Friday, August 6, 2010
In exactly one week, my summer and my maternity leave are coming to an end. I've been wanting to write about this for awhile but am not sure what to say, since the thought of going back to work reduces me to a blubbering, worry-filled mess. That said, I am so grateful that G and I had this time. Eight whole months to fall more and more in love with someone every single day. Eight whole months to watch every single shift and change, no matter how minuscule.
It's amazing to me that since G's birth, time has moved simultaneously slower and faster. On one hand I was enjoying all the baby coos, the little garden projects and work done at home at a meditative sort of pace. Watering plants, baking bread, folding tiny socks into each other . . . little sensory revelations. On the other, I couldn't believe how fast she was growing. I couldn't believe how a whole day could pass absorbed in nothing but her. I found myself forgiving my own unrealistic expectations on how much I could actually get accomplish when I was so utterly absorbed with an infant. The concept of "getting things done" has shifted, and that wasn't what this time at home was for, anyway.

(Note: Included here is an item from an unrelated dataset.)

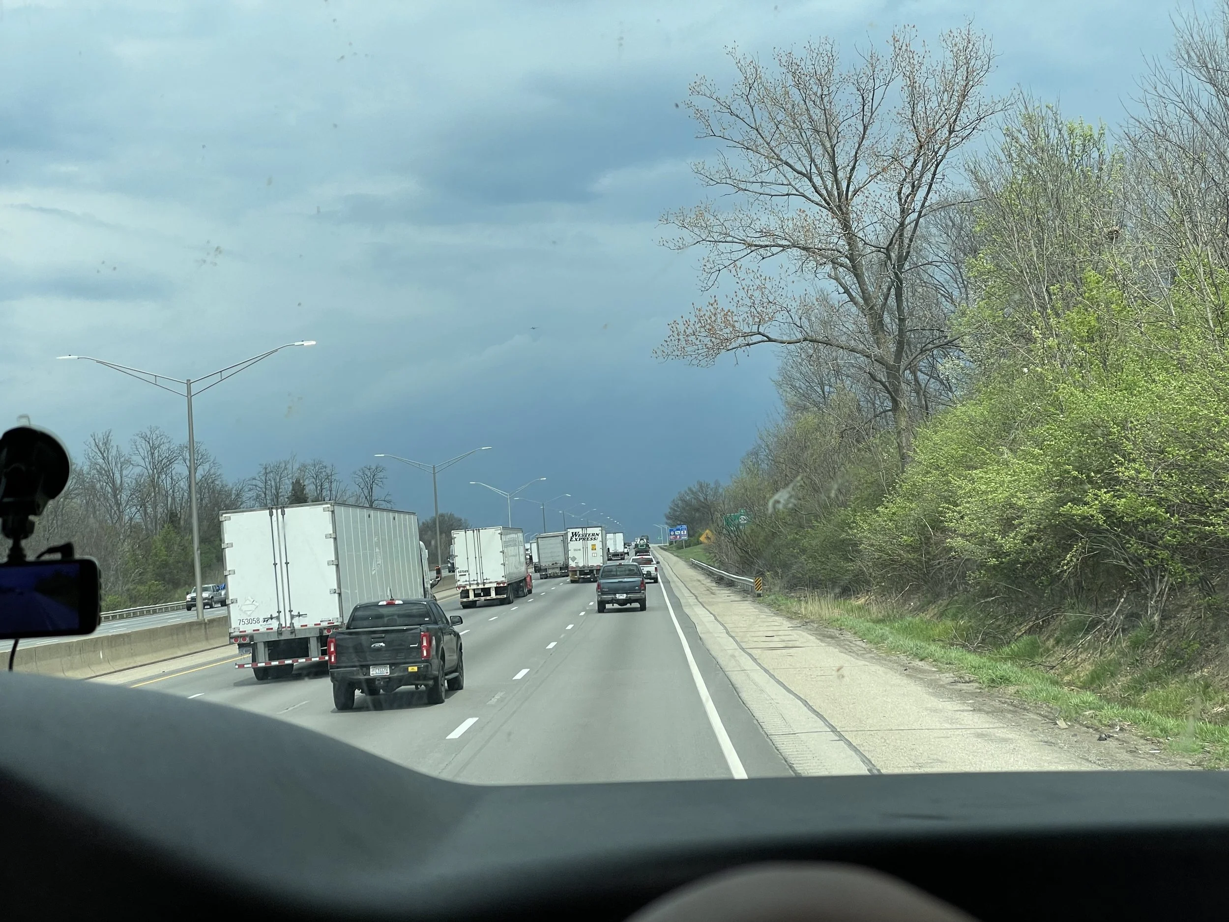 On our recent drive back to Pittsburgh, we spent the night at a Cracker Barrel in TN. The nice thing about choosing Cracker Barrel is it’s a great place to go for a good meal, and we usually can pick up some yummy snacks in the store too. There are a few drawbacks to the parking lot vs a campground, the first being no hookups. Thankfully with a full tank of fresh water we are able to go a few days washing dishes, flushing the toilet, and even taking a quick shower. For power, we do have a battery and solar panels on the roof. You just need to be carefully about not having too many things drawing current at once, like only run one AC, no microwave, or hairdryer. (all learned thru trial and error). Secondly, you can’t always put even one slide out, which makes it tight quarters for those nights.

In the past few weeks I've found myself working up into a paralyzing frenzy--- Freeze meals! Clean everything! Prepare every lesson you can before going back to teach! What are you doing?! You are not prepared!!!--- and then find myself grateful for a partner who reminds me that life will get in the way despite your best efforts, so why not enjoy another summer evening on the patio with a drink in hand? He has repeatedly reminded me that working or not, I'll always be G's mama and we will all always love each other.
And that makes me smile, instead of panic.